A verbatim copy of the full data, with no pictures, is the expected answer.
------------------------------------------------------------------------
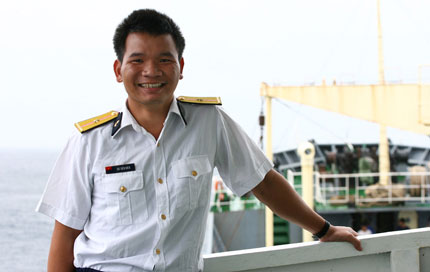 Biết ở đây có đồng hương người Thái Nguyên, tôi sùng sục đi tìm, gặp mặt đồng hương mừng quá, thật không ngờ ở nơi hải đảo tiền tiêu của Tổ quốc, tôi lại có cuộc trò chuyện thú vị như vậy. Tên anh là Vũ Tiến Kiên, cấp bậc thiếu úy chuyên nghiệp, nhà có 4 anh chị em (3 trai, 1 gái), quê quán ở xóm Đồng Tâm, xã Tức Tranh, huyện Phú Lương. Chắc là do được rèn luyện trong môi trường sóng gió khắc nghiệt nên nhìn Kiên già dặn hơn so với tuổi 27 của mình, anh tâm sự: Tôi nhập ngũ năm 2006, học và làm công tác báo vụ, sau đó tôi được cử đi học tại Trường Trung cấp kỹ thuật Hải quân từ năm 2007 đến 2009, ra trường tôi nhận nhiệm vụ lái tàu biển tại Lữ đoàn 170 (Vùng I Hải quân), đến tháng 10/2010 tôi xin được ra đảo Trường Sa để cống hiến sức trẻ của mình cho Tổ quốc. Kiên tâm niệm, nơi gian khổ chính là nơi rèn đức, luyện tài của người chiến sĩ, trong gian khó, tình đồng đội đồng chí càng bền chặt, tư tưởng, tính cách của từng cá nhân được bộc lộ, qua đó họ tự đánh giá, rèn luyện và vượt lên chính mình, có đủ bản lĩnh đương đầu với mọi khó khăn, xứng đáng là “Bộ đội cụ Hồ”.
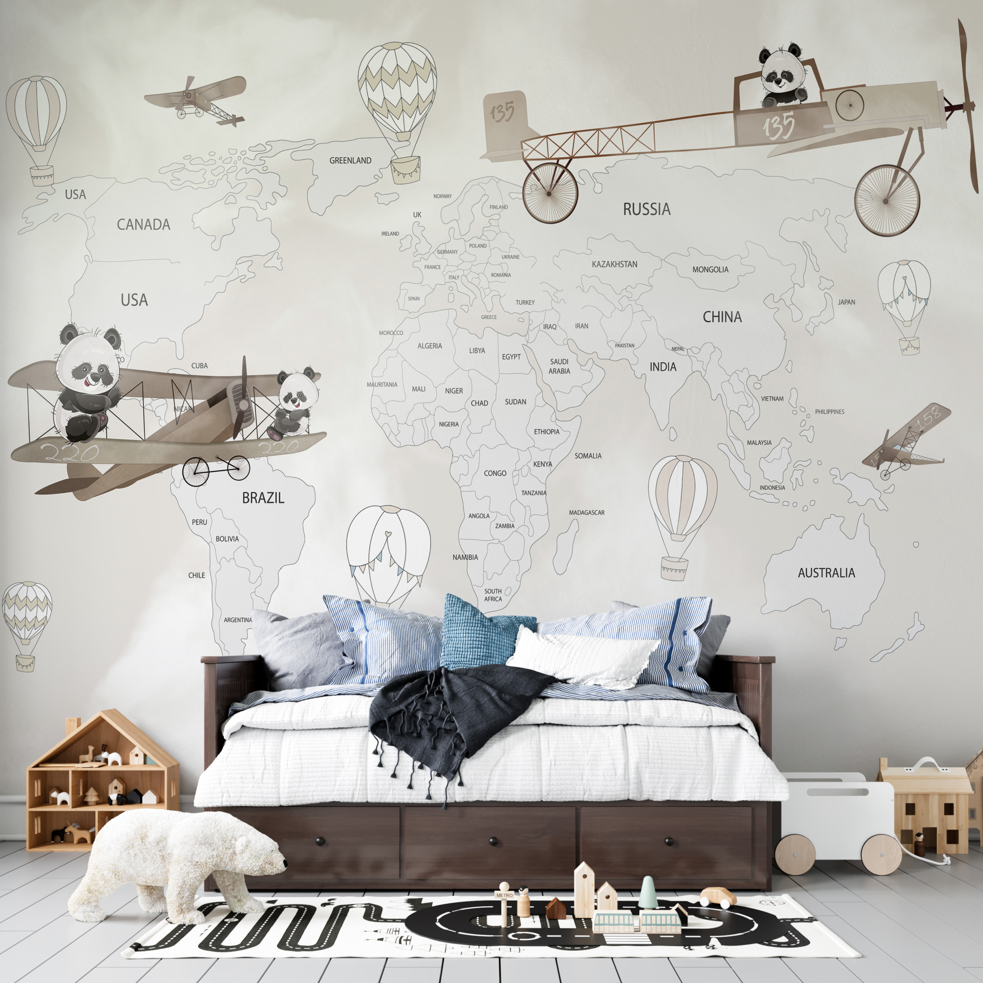 Zamów już dziś fototapetę z pandą na mapie świata i odmień swoje wnętrze w wyjątkowy sposób!
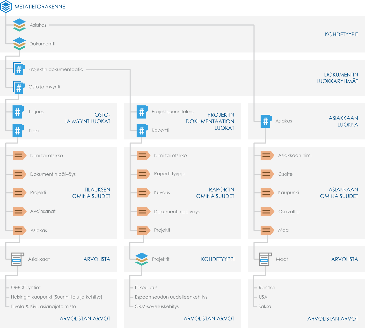 M-Files Adminin avulla voit muokata varaston metatietoelementtejä, kuten kohdetyyppejä, arvolistoja, ominaisuusmäärittelyitä ja luokkia. Luokat voidaan myös luokitella edelleen luokkaryhmiksi. Dokumentin ja kohteen metatietoja käytetään melkein kaikkialla M-Filesissa, kuten näkymissä ja hakutoiminnoissa, joten siksi varaston metatietorakenne olisi suunniteltava huolellisesti. Varaston metatietorakenne koostuu kohdetyypeistä, luokkaryhmistä, luokista, ominaisuusmäärittelyistä ja arvolistoista. Yllä oleva esimerkki esittelee metatietorakenteen hierarkiaa, jossa rakenteeseen sisältyy Asiakas- ja Dokumentti-kohdetyypit ja näiden kahden kohdetyypin eri luokat.
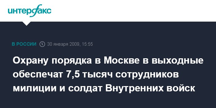 Охрану порядка в Москве в выходные обеспечат 7,5 тысяч сотрудников милиции и солдат Внутренних войск
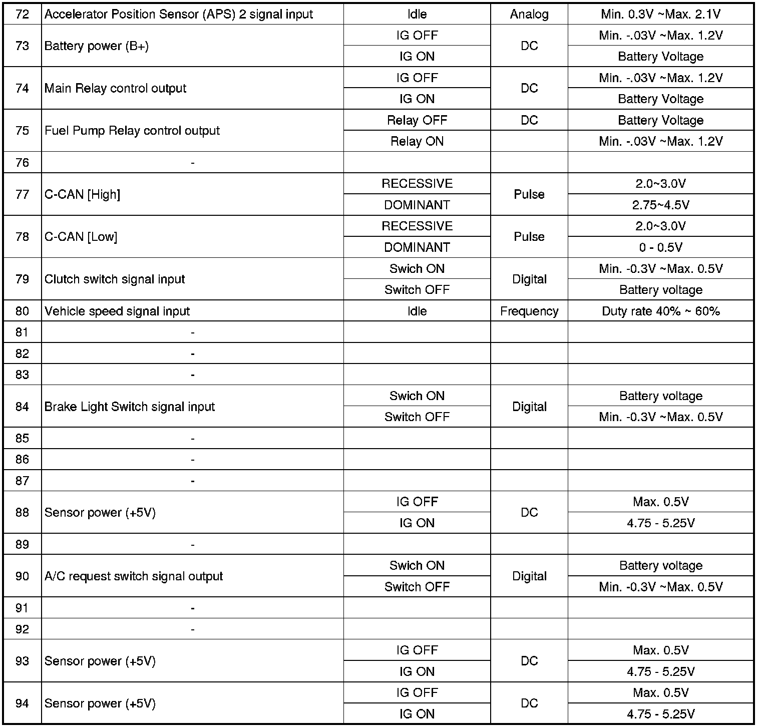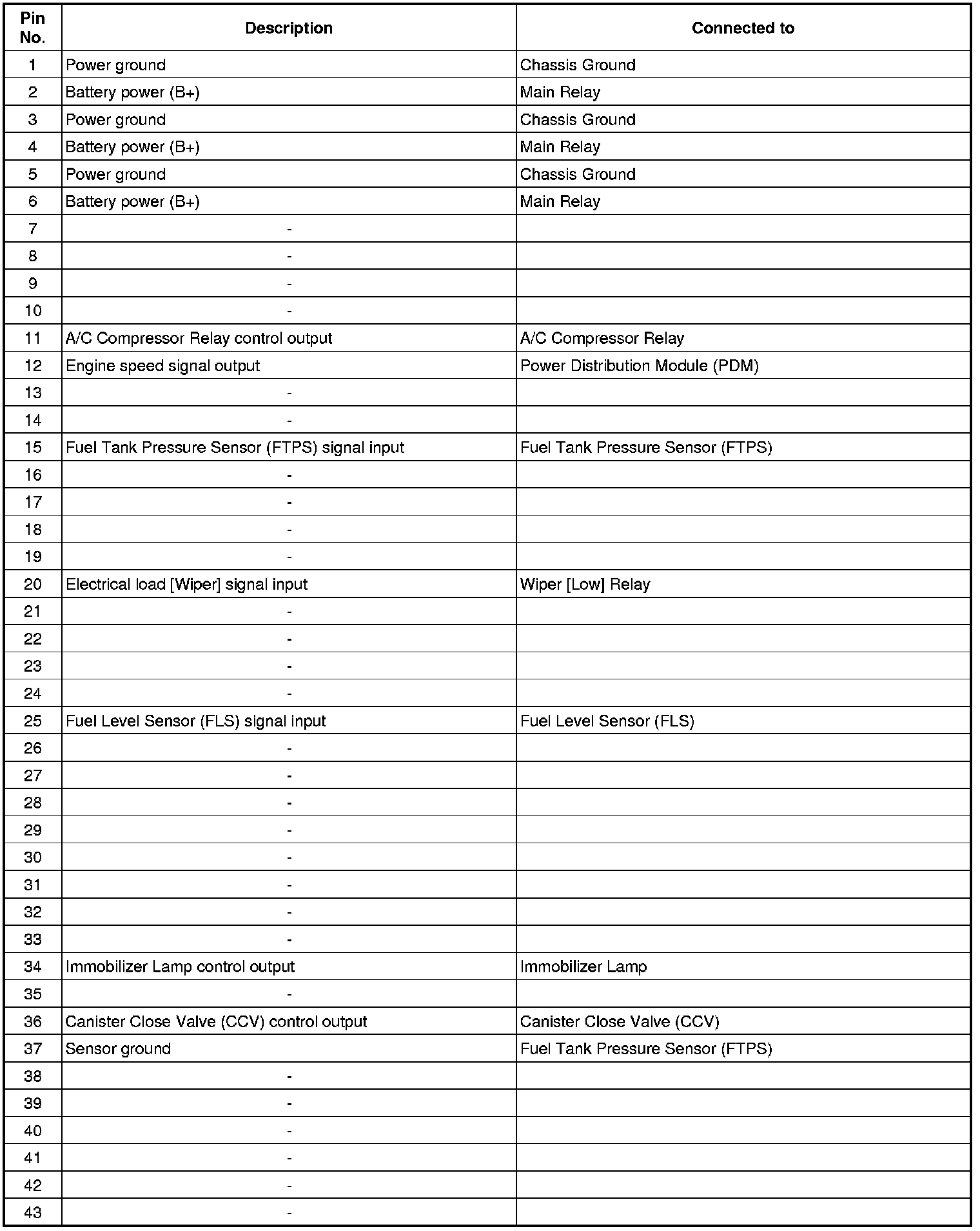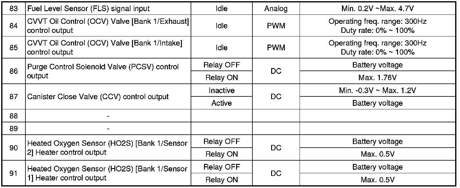 ECM Terminal And Input/Output signal (M/T)
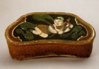 圖片名稱: 三彩釉剔地刻嬰孩紋三瓣花形枕
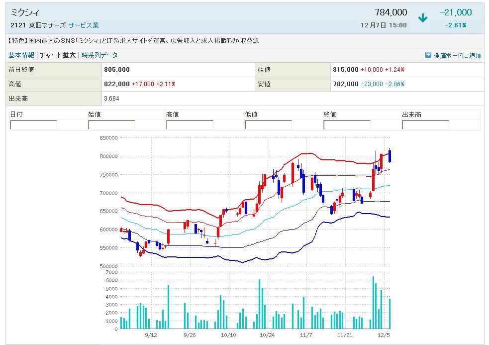 ううっ、・・ミクシィは下値を買われてまして、大きく下げないので、ここで買うと良いかもしれませんよー、火曜日か水曜日に上を目指すと思いますから、ここでもう1株買いをされたらいかがですかぁ?
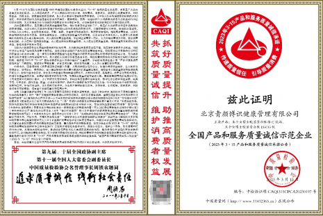 (北京青顏博識健康管理有限公司 獲獎證書)
------------------------------------------------------------------------
**SOLUTION:**
 Biết ở đây có đồng hương người Thái Nguyên, tôi sùng sục đi tìm, gặp mặt đồng hương mừng quá, thật không ngờ ở nơi hải đảo tiền tiêu của Tổ quốc, tôi lại có cuộc trò chuyện thú vị như vậy. Tên anh là Vũ Tiến Kiên, cấp bậc thiếu úy chuyên nghiệp, nhà có 4 anh chị em (3 trai, 1 gái), quê quán ở xóm Đồng Tâm, xã Tức Tranh, huyện Phú Lương. Chắc là do được rèn luyện trong môi trường sóng gió khắc nghiệt nên nhìn Kiên già dặn hơn so với tuổi 27 của mình, anh tâm sự: Tôi nhập ngũ năm 2006, học và làm công tác báo vụ, sau đó tôi được cử đi học tại Trường Trung cấp kỹ thuật Hải quân từ năm 2007 đến 2009, ra trường tôi nhận nhiệm vụ lái tàu biển tại Lữ đoàn 170 (Vùng I Hải quân), đến tháng 10/2010 tôi xin được ra đảo Trường Sa để cống hiến sức trẻ của mình cho Tổ quốc. Kiên tâm niệm, nơi gian khổ chính là nơi rèn đức, luyện tài của người chiến sĩ, trong gian khó, tình đồng đội đồng chí càng bền chặt, tư tưởng, tính cách của từng cá nhân được bộc lộ, qua đó họ tự đánh giá, rèn luyện và vượt lên chính mình, có đủ bản lĩnh đương đầu với mọi khó khăn, xứng đáng là “Bộ đội cụ Hồ”.
 Zamów już dziś fototapetę z pandą na mapie świata i odmień swoje wnętrze w wyjątkowy sposób!
 M-Files Adminin avulla voit muokata varaston metatietoelementtejä, kuten kohdetyyppejä, arvolistoja, ominaisuusmäärittelyitä ja luokkia. Luokat voidaan myös luokitella edelleen luokkaryhmiksi. Dokumentin ja kohteen metatietoja käytetään melkein kaikkialla M-Filesissa, kuten näkymissä ja hakutoiminnoissa, joten siksi varaston metatietorakenne olisi suunniteltava huolellisesti. Varaston metatietorakenne koostuu kohdetyypeistä, luokkaryhmistä, luokista, ominaisuusmäärittelyistä ja arvolistoista. Yllä oleva esimerkki esittelee metatietorakenteen hierarkiaa, jossa rakenteeseen sisältyy Asiakas- ja Dokumentti-kohdetyypit ja näiden kahden kohdetyypin eri luokat.
 Охрану порядка в Москве в выходные обеспечат 7,5 тысяч сотрудников милиции и солдат Внутренних войск
 ECM Terminal And Input/Output signal (M/T)
 圖片名稱: 三彩釉剔地刻嬰孩紋三瓣花形枕
 ううっ、・・ミクシィは下値を買われてまして、大きく下げないので、ここで買うと良いかもしれませんよー、火曜日か水曜日に上を目指すと思いますから、ここでもう1株買いをされたらいかがですかぁ?
 (北京青顏博識健康管理有限公司 獲獎證書)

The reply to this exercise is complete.